### Records to process
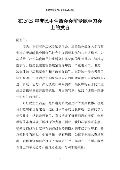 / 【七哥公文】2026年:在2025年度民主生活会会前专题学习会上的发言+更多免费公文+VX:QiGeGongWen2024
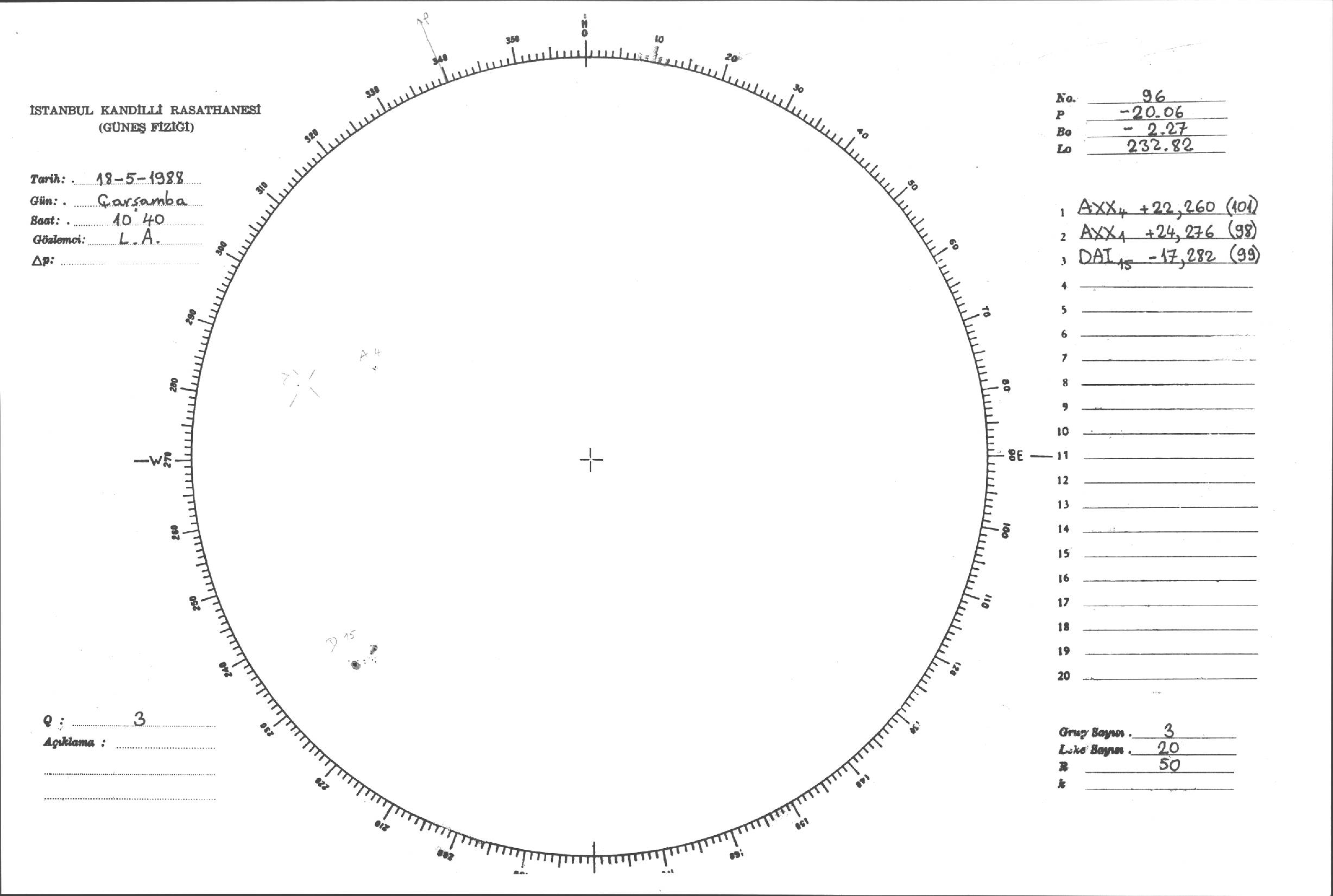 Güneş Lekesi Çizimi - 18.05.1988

---

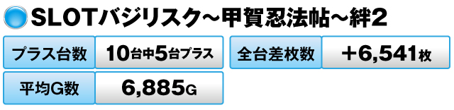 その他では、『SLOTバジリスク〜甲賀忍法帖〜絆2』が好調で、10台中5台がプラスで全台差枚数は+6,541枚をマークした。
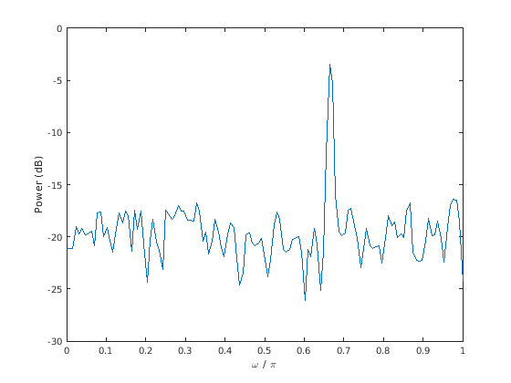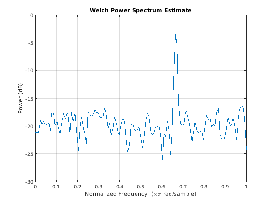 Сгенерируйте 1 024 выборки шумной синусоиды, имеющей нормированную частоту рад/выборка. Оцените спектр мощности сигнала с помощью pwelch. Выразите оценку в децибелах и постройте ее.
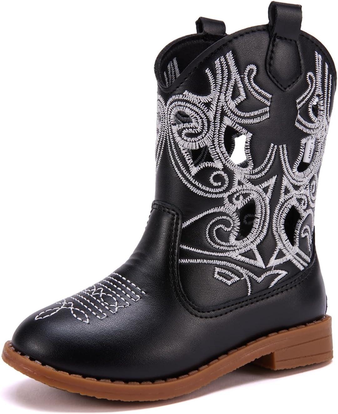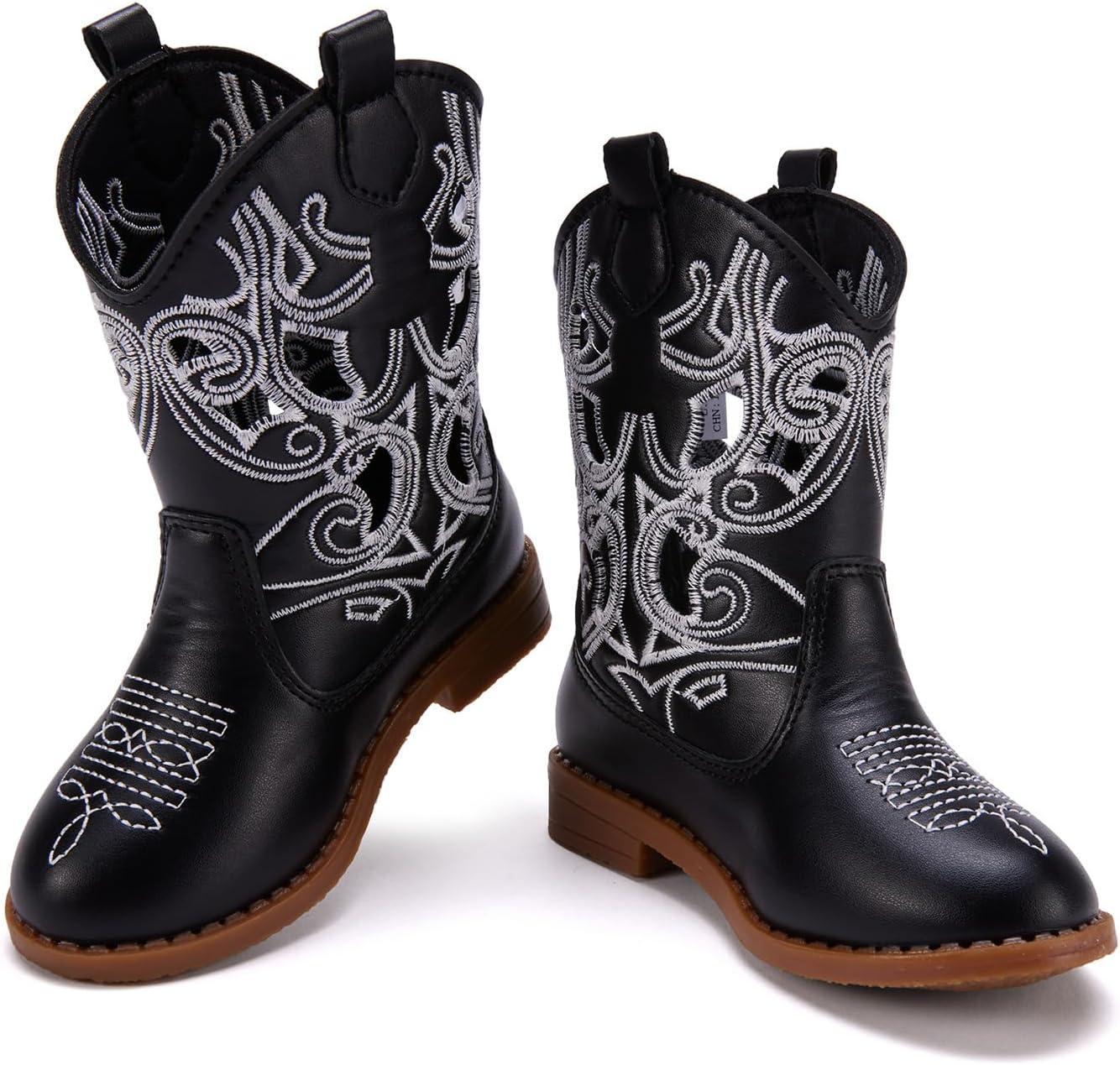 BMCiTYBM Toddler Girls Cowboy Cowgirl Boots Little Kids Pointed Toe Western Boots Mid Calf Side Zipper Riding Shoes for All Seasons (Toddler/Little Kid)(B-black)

### Instructions to follow
The answer is the lines of the material above, from the one containing "その他では、『SLOTバジリ" down to the one containing "Сгенерируйте 1 024", given exactly and without images.

### Problem solution
 その他では、『SLOTバジリスク〜甲賀忍法帖〜絆2』が好調で、10台中5台がプラスで全台差枚数は+6,541枚をマークした。
 Сгенерируйте 1 024 выборки шумной синусоиды, имеющей нормированную частоту рад/выборка. Оцените спектр мощности сигнала с помощью pwelch. Выразите оценку в децибелах и постройте ее.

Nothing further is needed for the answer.